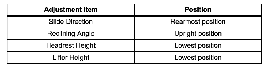 2. Adjust the seat position in accordance with the table.
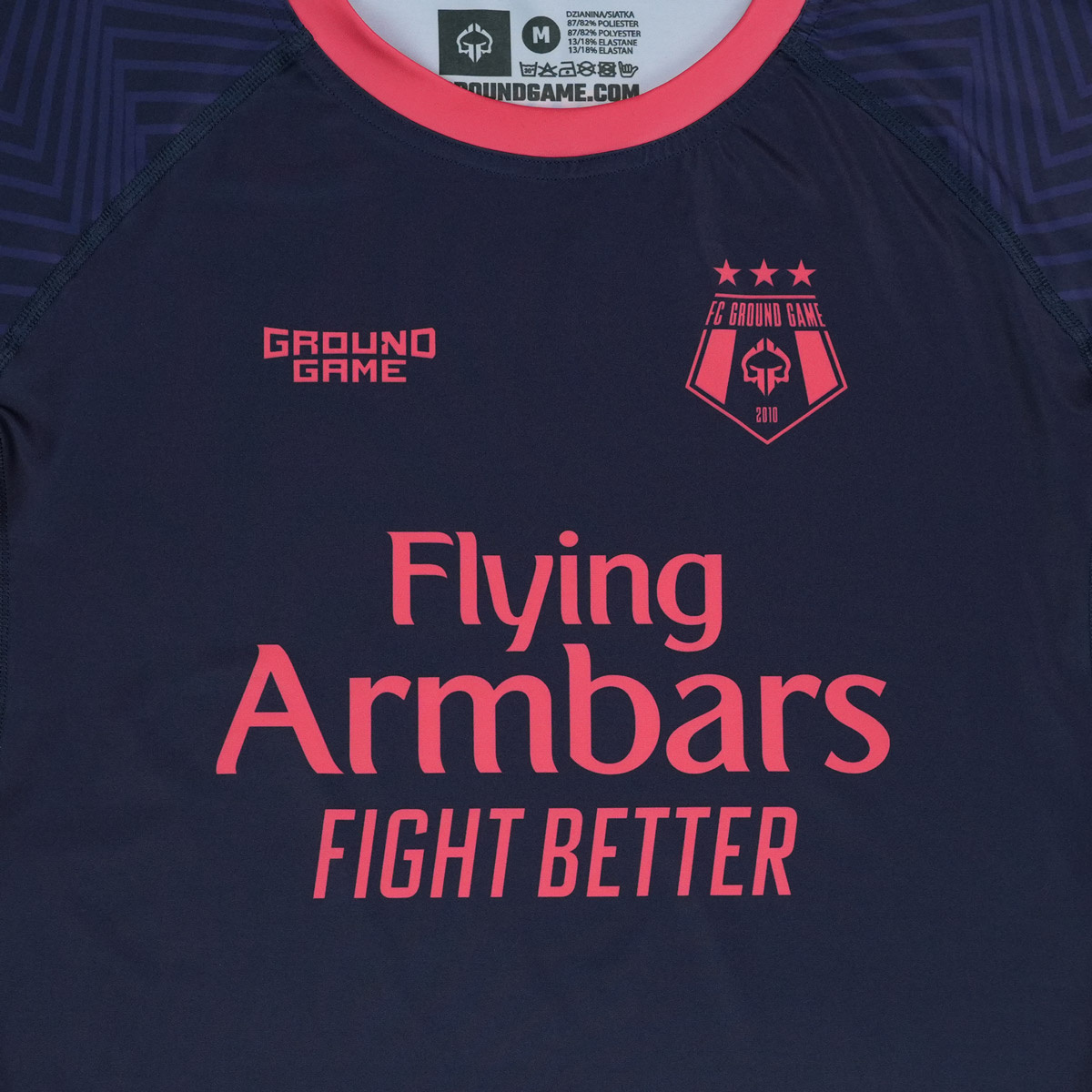 Rashguard pentru bărbați cu mânecă scurtă, inspirat de tricoul de fotbal. Grafica este aplicată prin sublimare, făcând printul extrem de durabil.Rashguard-ul este o alegere excelentă pentru antrenamentele de BJJ, MMA, dar este potrivit și pentru crossfit și alte activități fizice.
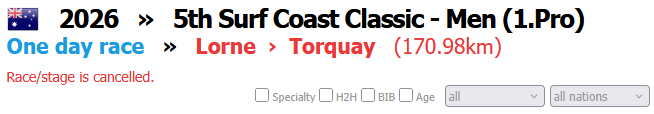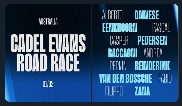warming up in Spain edition>Current and upcoming road races20.01 - 25.01 Santos Tour Down Under 2.UWT24.01 - 26.01 Challenge Majorca WE25.01 Clàssica Comunitat Valenciana - Gran Premi València 1.125.01 Schwalbe Women's One Day Classic 1.Pro27.01 - 31.01 AlUla Tour 2.Pro28.01 - 1.02 Challenge Majorca ME28.01 Surf Coast Classic - Women 1.Pro29.01 Surf Coast Classic - Men 1.Pro31.01 Mapei Cadel Evans Great Ocean Road Race - Women 1.WWT01.02 Mapei Cadel Evans Great Ocean Road Race - Men 1.UWT01.02 Grand Prix Cycliste de Marseille La Marseillaise 1.11.02 Pionera Race-SCV 1.1 WE04.02 - 08.02 Etoile de Bessèges - Tour du Gard 2.104.02 - 08.02 Volta Comunitat Valenciana 2.Pro05.02 - 08.02 UAE Tour Women 2.WWT>CX races25.01 UCI World Cup Hoogerheide CDM01.02 UCI World Championships Hulst CDM04.02 Exact Cross Maldegem - Parkcross C207.02 Superprestige Middelkerke - Noordzeecross C108.02 X2O Trofee Lille - Krawatencross C114.02 Exact Cross Sint-Niklaas - Waaslandcross C215.02 X2O Trofee Brussels - Brussels Universities Cyclocross C122.02 Internationale Sluitingsprijs Oostmalle C1>Mecha-Rusbert's webm folders:https://pastebin.com/bA0Cb5BK >Bert van Koers' ciclismo quizzes:https://www.sporcle.com/user/Bert_van_Koers/quizzes/>Races info:https://www.procyclingstats.com/https://firstcycling.com/>CX races infohttps://cyclocross24.com/https://cx.procyclingstats.com/>Free streams:https://cyclingtiz.live/https://dlhd.dad/>Velodrama league code:51196855Previous thread:>>152994253

━━━━━━━━

TASK ITEM
The answer should be an exact copy of the material, with its pictures removed.

WRITTEN ANSWER
 2. Adjust the seat position in accordance with the table.
 Rashguard pentru bărbați cu mânecă scurtă, inspirat de tricoul de fotbal. Grafica este aplicată prin sublimare, făcând printul extrem de durabil.Rashguard-ul este o alegere excelentă pentru antrenamentele de BJJ, MMA, dar este potrivit și pentru crossfit și alte activități fizice.
warming up in Spain edition>Current and upcoming road races20.01 - 25.01 Santos Tour Down Under 2.UWT24.01 - 26.01 Challenge Majorca WE25.01 Clàssica Comunitat Valenciana - Gran Premi València 1.125.01 Schwalbe Women's One Day Classic 1.Pro27.01 - 31.01 AlUla Tour 2.Pro28.01 - 1.02 Challenge Majorca ME28.01 Surf Coast Classic - Women 1.Pro29.01 Surf Coast Classic - Men 1.Pro31.01 Mapei Cadel Evans Great Ocean Road Race - Women 1.WWT01.02 Mapei Cadel Evans Great Ocean Road Race - Men 1.UWT01.02 Grand Prix Cycliste de Marseille La Marseillaise 1.11.02 Pionera Race-SCV 1.1 WE04.02 - 08.02 Etoile de Bessèges - Tour du Gard 2.104.02 - 08.02 Volta Comunitat Valenciana 2.Pro05.02 - 08.02 UAE Tour Women 2.WWT>CX races25.01 UCI World Cup Hoogerheide CDM01.02 UCI World Championships Hulst CDM04.02 Exact Cross Maldegem - Parkcross C207.02 Superprestige Middelkerke - Noordzeecross C108.02 X2O Trofee Lille - Krawatencross C114.02 Exact Cross Sint-Niklaas - Waaslandcross C215.02 X2O Trofee Brussels - Brussels Universities Cyclocross C122.02 Internationale Sluitingsprijs Oostmalle C1>Mecha-Rusbert's webm folders:https://pastebin.com/bA0Cb5BK >Bert van Koers' ciclismo quizzes:https://www.sporcle.com/user/Bert_van_Koers/quizzes/>Races info:https://www.procyclingstats.com/https://firstcycling.com/>CX races infohttps://cyclocross24.com/https://cx.procyclingstats.com/>Free streams:https://cyclingtiz.live/https://dlhd.dad/>Velodrama league code:51196855Previous thread:>>152994253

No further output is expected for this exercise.